I feel like I need to write about my two lovely blue boys, Odysseus and Sir Galahad. The live side by side, Odysseus in his 3 gallon cylinder and Sir Galahad in his Medium Petco Keeper (1.75 gallon). I *think* they can see each other but they never seem to interact, so maybe they can't. They are both very non-aggresive fish -- they like to pose but never seem to really flare. I have a feeling they'd be a one of those very unusual male pairings that could live together safely, but I don't think I could ever be willing to risk that. I'd like them to be friends, and when they get their upgrade tanks (5 gallon types), I hope they'll be happy side by side and able to play with each other through the glass.

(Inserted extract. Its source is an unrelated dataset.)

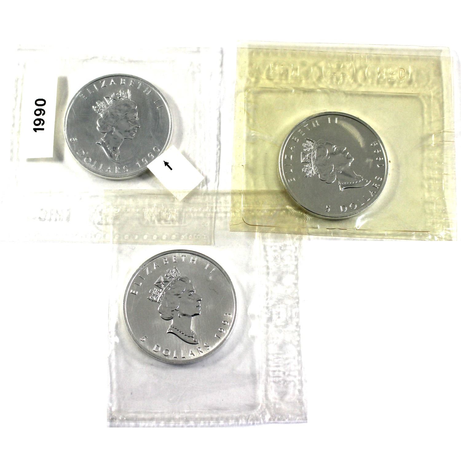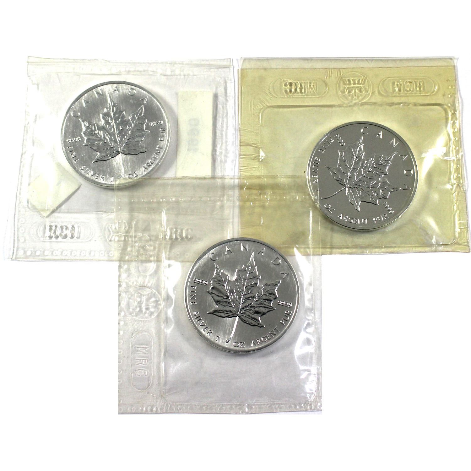 Lot of 3x $5 Canada 1oz Silver Maple Still sealed in Mint Pliofilm. Lot includes: 1990, 1993, & 1999. 3pc (Tax Exempt)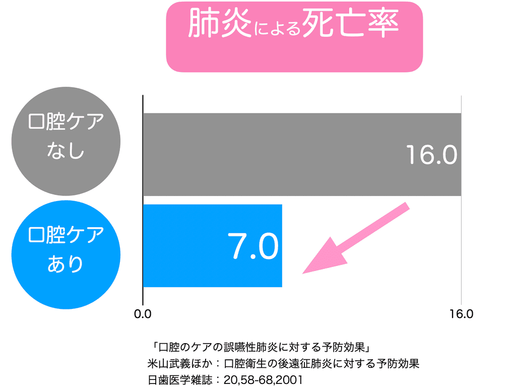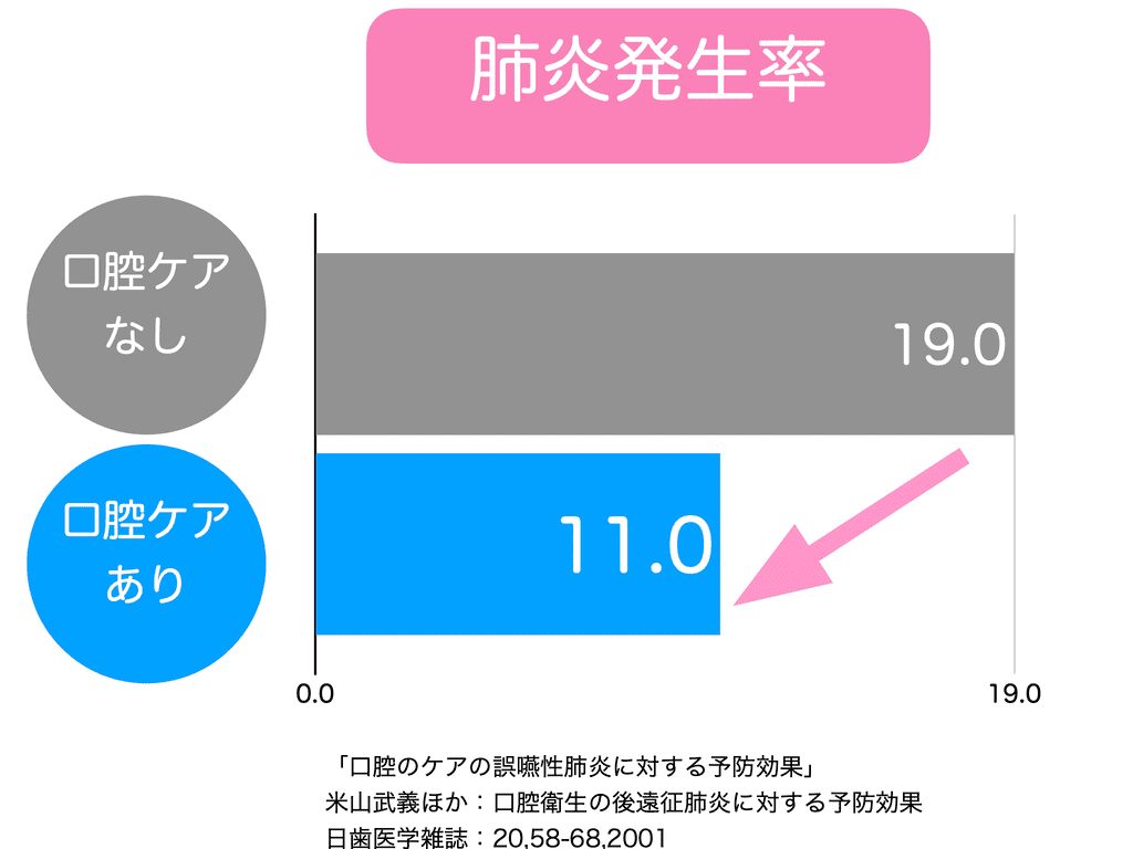 口の中が汚れていると、唾液と一緒に細菌が肺に入り、肺炎を起こす可能性があります。

They really are different in terms of taste. Odysseus will eat his OO or NLS like a champ, but wasn't very fond of OO flakes. Galahad doesn't want to each much yet, but the flakes seem to be the best of the bunch. Odysseus hates blue objects (especially dark blue) and did not like the blue petco plant I put in his tank on and off. Galahad has a sky blue plant in his tank and seems unruffled by it. Neither of them seem interested in caves, although Galahad seemed to like moving his around his tank. He ignored the ping-pong ball completely, however. Maybe I should try one with Odysseus.


----------



## BettaLover1313 (Apr 15, 2013)

Your boys sound really cute!


----------



## NorthernLights (Mar 2, 2012)

So I made my weekly pilgrimage to the local Petco and got floating mirrors for both of my boys. While I was there, a young woman and her grandmother were nosing around the bettas. She already has one, and decided to impulse-buy another. No heater, lousy food, etc. I could not convince her that anything different would matter because she's had others that all lived for about 5 years like that. Ugh.

Odysseus likes his ping-pong ball. Galahad will now eat small amounts of Omega One Betta Buffet Flakes. So that is good, I guess.


----------